1982.20 1982.20 1789.74 $
|_______|_______|_______|
165 166 167 months
OP = PV(remaining payments) = 1982.20*1.0046‐1 + 1982.20*1.0046‐2 + 1789.74*1.0046‐3 = $ 5702.48
payment interest OP
164 5702.48
165 1982.20 26.23 3746.51
166 1982.20 17.23 1781.54
167 1789.74 8.20 0.00
Example calculations:
5702.48 * 0.0046 => 26.23, 5702.48 – 1982.20 + 26.23 => 3746.51
i) Lee and Lim decide that rather than making a partial payment the month after the full payments finished, they would rather make the last full payment large enough to retire the loan then. Determine the size that this larger payment would need to be. Ensure that you explain the logic of the approach.
There are a number of ways to attack this, but the easiest is to note that at the end of period 165 they still owed 3746.51, and that in period 166 they would owe this amount plus a month’s interest, i.e.

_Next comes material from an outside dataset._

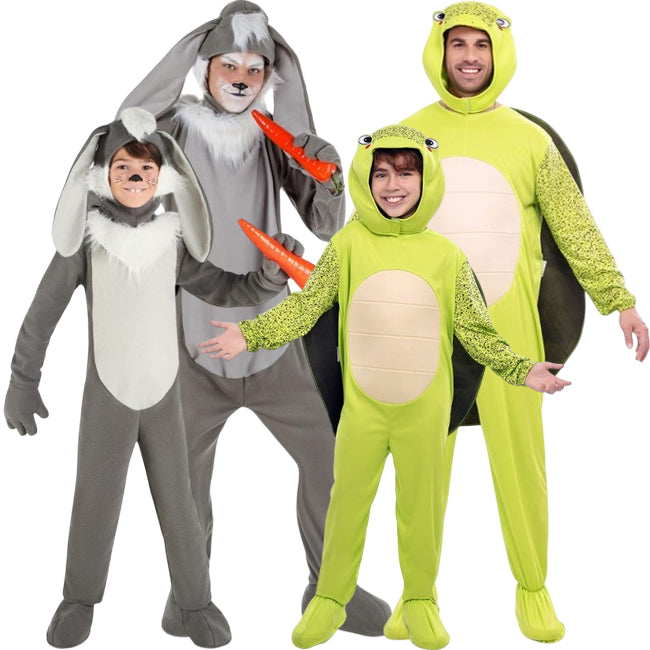 Idea fantastica per travestire tutta la tua famiglia da Favola della Lepre e della Tartaruga, con modelli coordinati per uomo, donna, bambino e bambina.

3746.51 + 17.23 = $3763.74.
Or we could discount the partial payment by one period and add it to the full payment size:
1982.20 + 1789.74*1.0046‐1 = $3763.74
Or we could even take PV0 and move it forward by 166 months and add it to the full payment size: 831.63 * 1.0046 166 + 1982.20 = $3763.75 (slight difference is due to 831.63 being a rounded number
What we can’t do is add the period 166 and 167 payments, as these are measure in different units .
j) Referring back to question e), determine what the new payment size would need to be if Lee and Kim wanted to retire the debt by May 2030.
Very simply with have an OP of 230593.40, n=160 and new i = 0.0046
PV = R(1‐(1+i)‐n)/i => 230593.40 = R(1‐1.0046‐160)/0.0046 => 230593.40 = 113.079284 R
=> R = $2039.22 would be the new monthly payment size.
Or in Excel: =PMT(0.0552/12,160,‐230593.4) => R = $2039.22 would be the new monthly payment size.